START RECORDS FOR THIS TASK

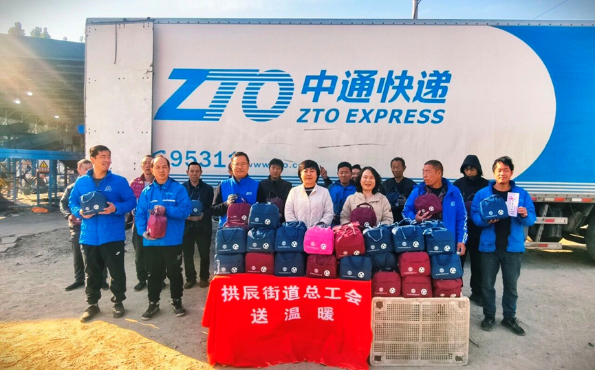 此次慰问对象是拱辰街道辖区内80余名中通快递员,首先为大家详细介绍了工会组织与服务项目,随后为大家发放了精心准备的温暖包。温暖包里装有保温杯、充电暖手宝、帽子、手套等防寒物资。
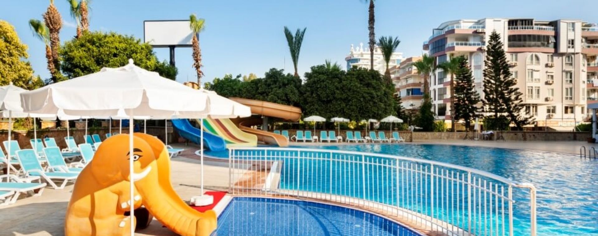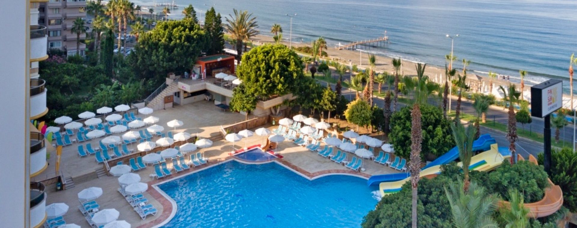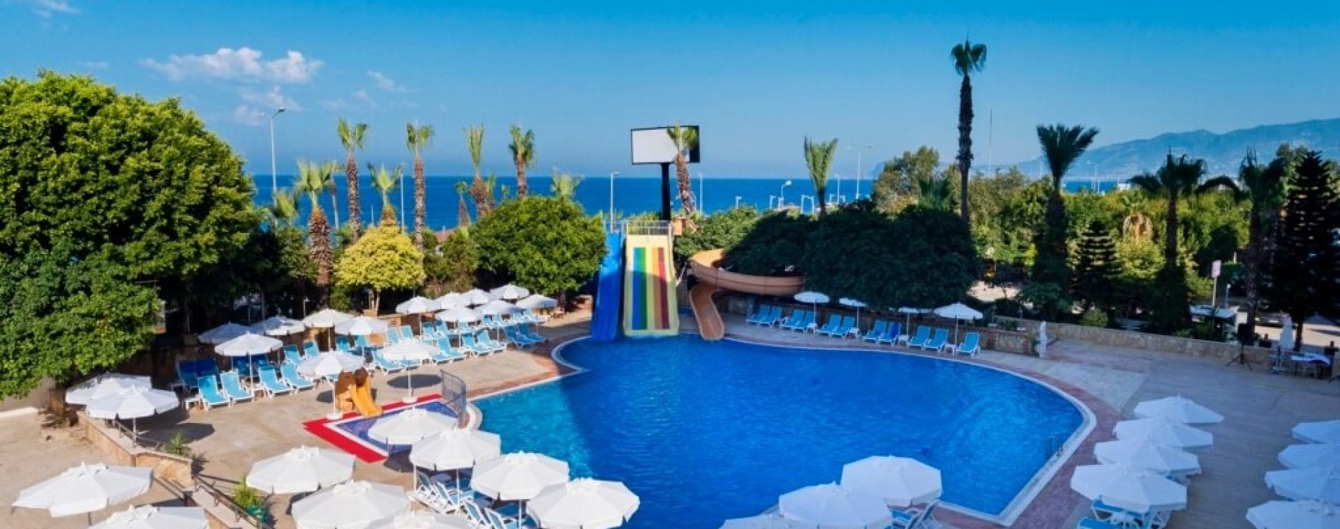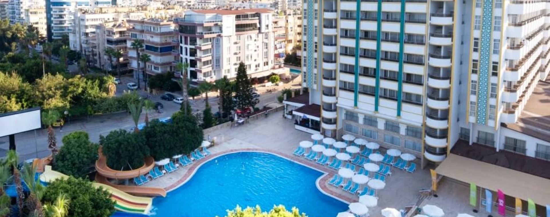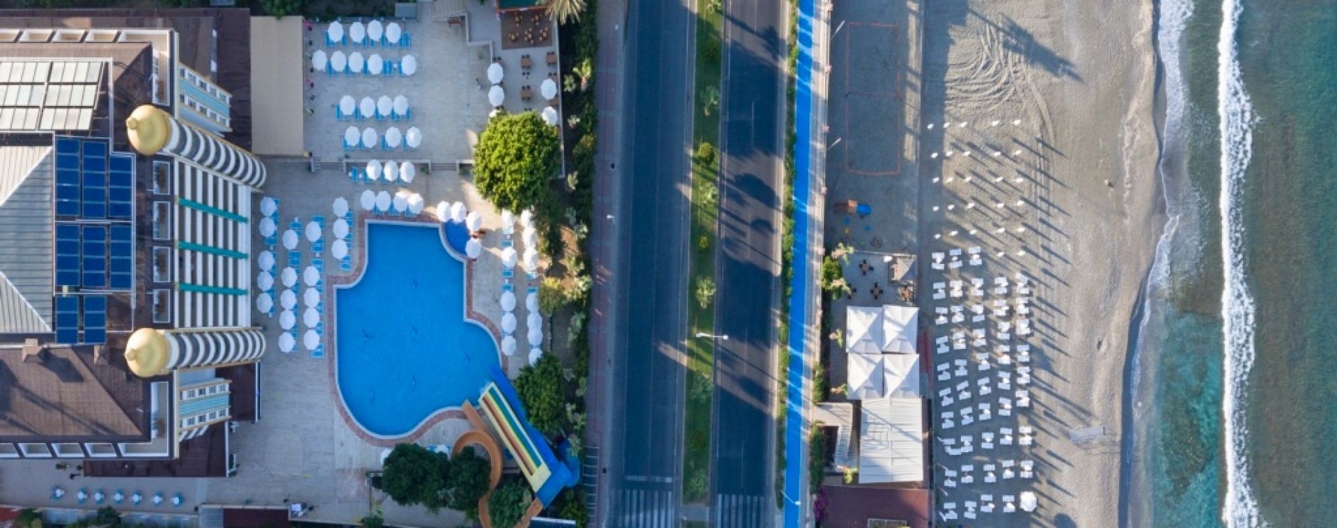 Намира се на 135 км от летище Анталия, на 140 км от центъра на Анталия, на 12 км от центъра на Алания, на 50 м от плажа. Обща площ на хотела 13.100 м2.
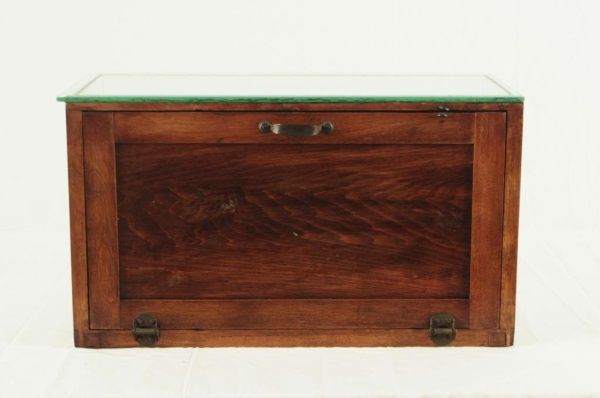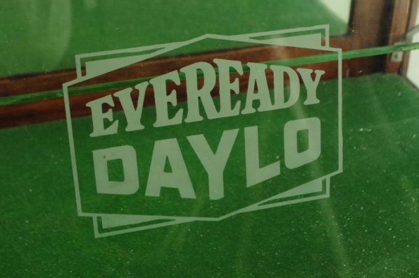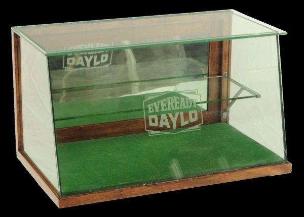 Original Eveready Daylo etched glass slant front countertop flashlight display case. Measures 20-1/2" W x 12-1/2" D x 11-3/4" H.
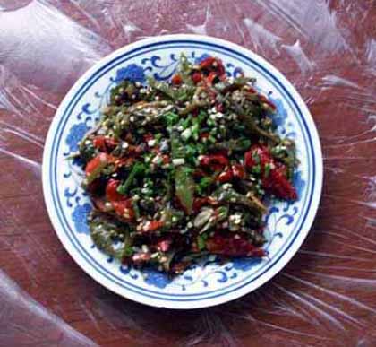 燒辣椒: 山地里,辣椒開花結果以后,苗人最喜從地里摘來青椒,放在火坑里燒燒以后,取出拍凈灰煙,放在巖缽里捶爛,然后放上食鹽,即可以吃。青椒經過燒烤后,既去掉了大部分水氣,又褪去了辣味,吃起來十分可口開胃,特別是久病厭食者,用燒青椒拌飯可以增強食欲,故此,它間接地起著一種健身怯病作用,可稱得上苗家生活偏方。
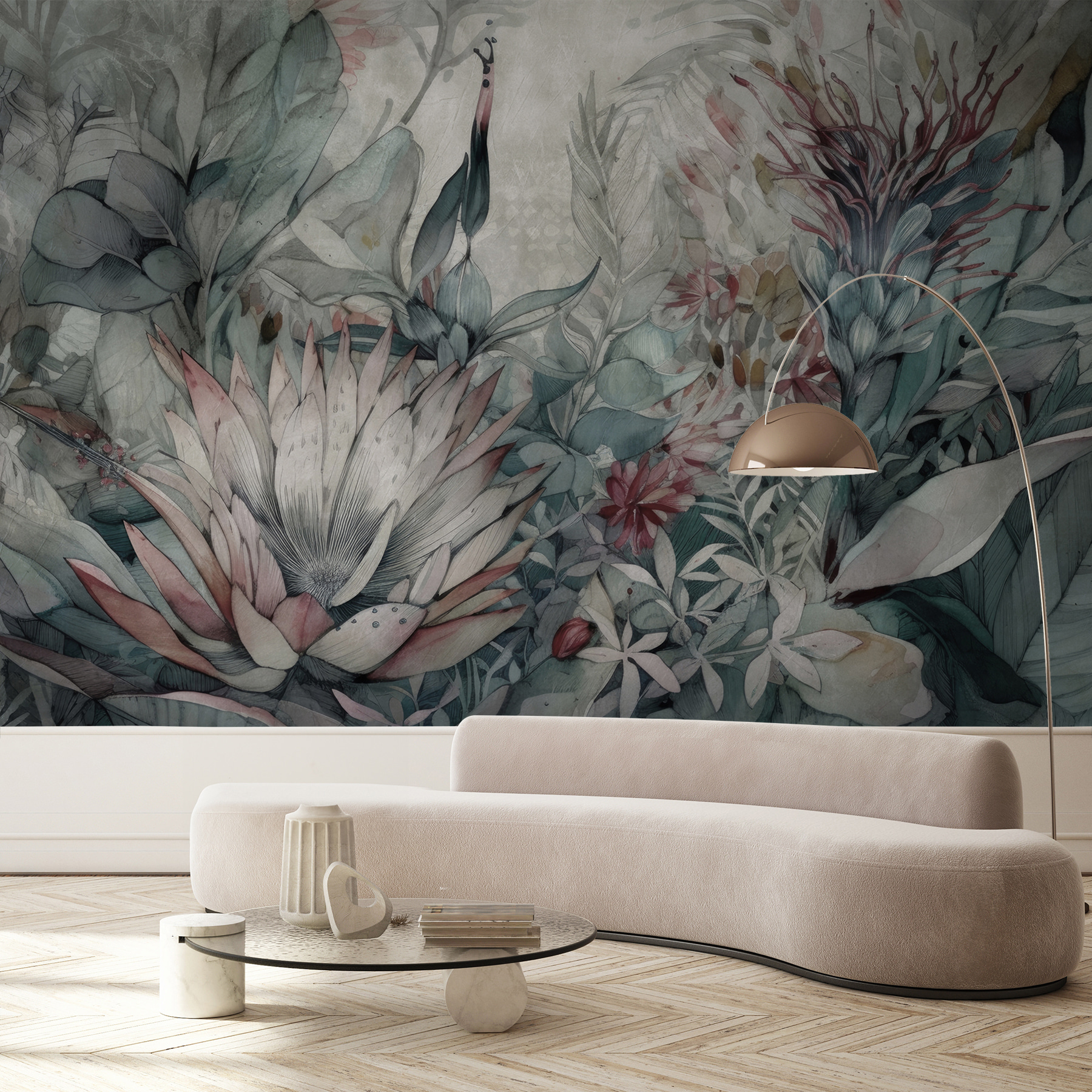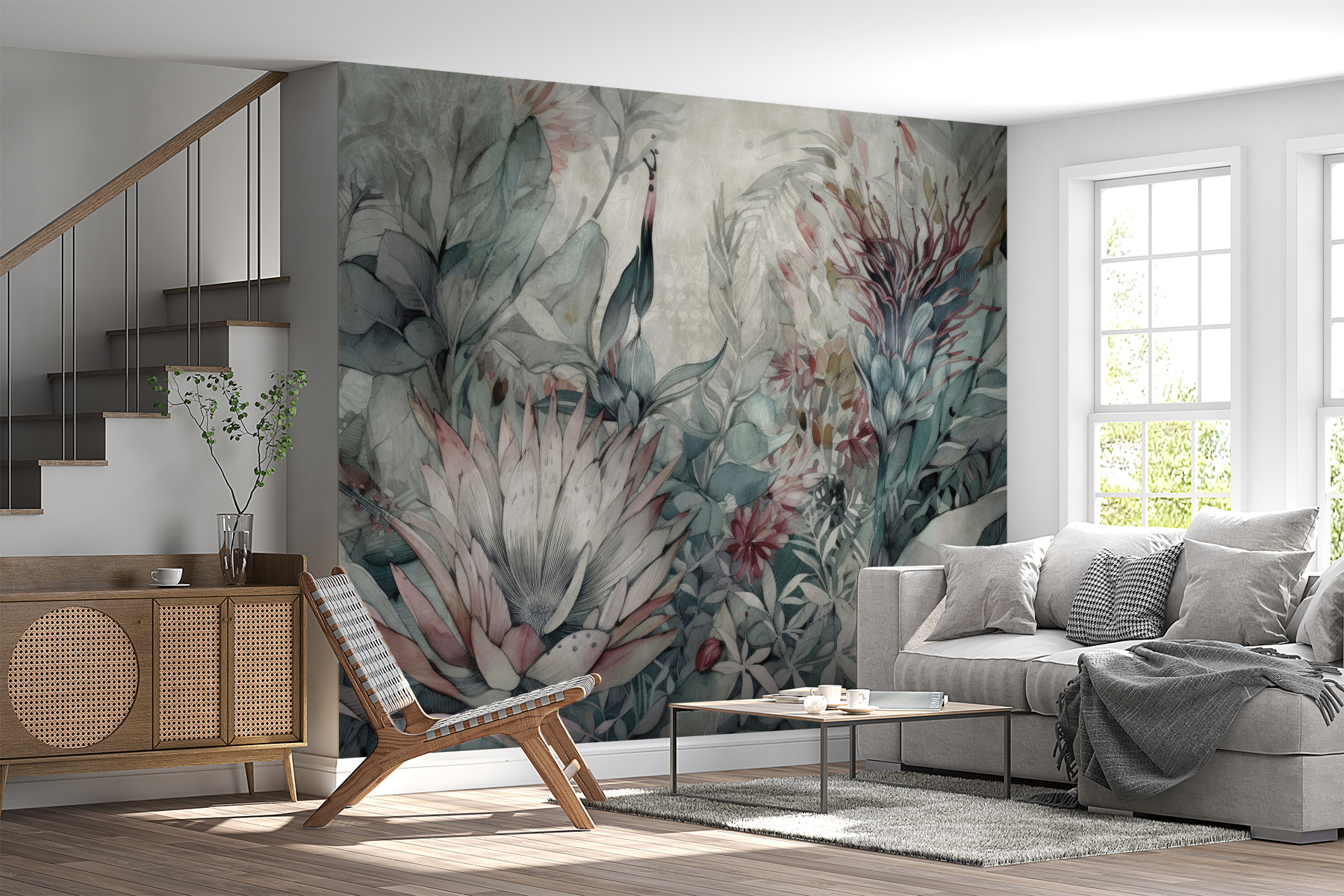 Stap in een betoverende droom met de muurschildering “Delicate Floral Illustration”. Deze muurschildering is perfect voor iedereen die houdt van een vleugje eigenzinnigheid in hun inrichting en brengt je meteen in een rustgevende jungletuin. Stel je exotische vogels en weelderige bloemen voor – allemaal in zachte, rustgevende tinten. Het is alsof je een geheim tropisch hoekje hebt, waar alles zacht en vredig is.

END RECORDS FOR THIS TASK

**YOUR INSTRUCTIONS:** Without the pictures, output the full listing exactly as it stands.

**EXPECTED ANSWER:**
 此次慰问对象是拱辰街道辖区内80余名中通快递员,首先为大家详细介绍了工会组织与服务项目,随后为大家发放了精心准备的温暖包。温暖包里装有保温杯、充电暖手宝、帽子、手套等防寒物资。
 Намира се на 135 км от летище Анталия, на 140 км от центъра на Анталия, на 12 км от центъра на Алания, на 50 м от плажа. Обща площ на хотела 13.100 м2.
 Original Eveready Daylo etched glass slant front countertop flashlight display case. Measures 20-1/2" W x 12-1/2" D x 11-3/4" H.
 燒辣椒: 山地里,辣椒開花結果以后,苗人最喜從地里摘來青椒,放在火坑里燒燒以后,取出拍凈灰煙,放在巖缽里捶爛,然后放上食鹽,即可以吃。青椒經過燒烤后,既去掉了大部分水氣,又褪去了辣味,吃起來十分可口開胃,特別是久病厭食者,用燒青椒拌飯可以增強食欲,故此,它間接地起著一種健身怯病作用,可稱得上苗家生活偏方。
 Stap in een betoverende droom met de muurschildering “Delicate Floral Illustration”. Deze muurschildering is perfect voor iedereen die houdt van een vleugje eigenzinnigheid in hun inrichting en brengt je meteen in een rustgevende jungletuin. Stel je exotische vogels en weelderige bloemen voor – allemaal in zachte, rustgevende tinten. Het is alsof je een geheim tropisch hoekje hebt, waar alles zacht en vredig is.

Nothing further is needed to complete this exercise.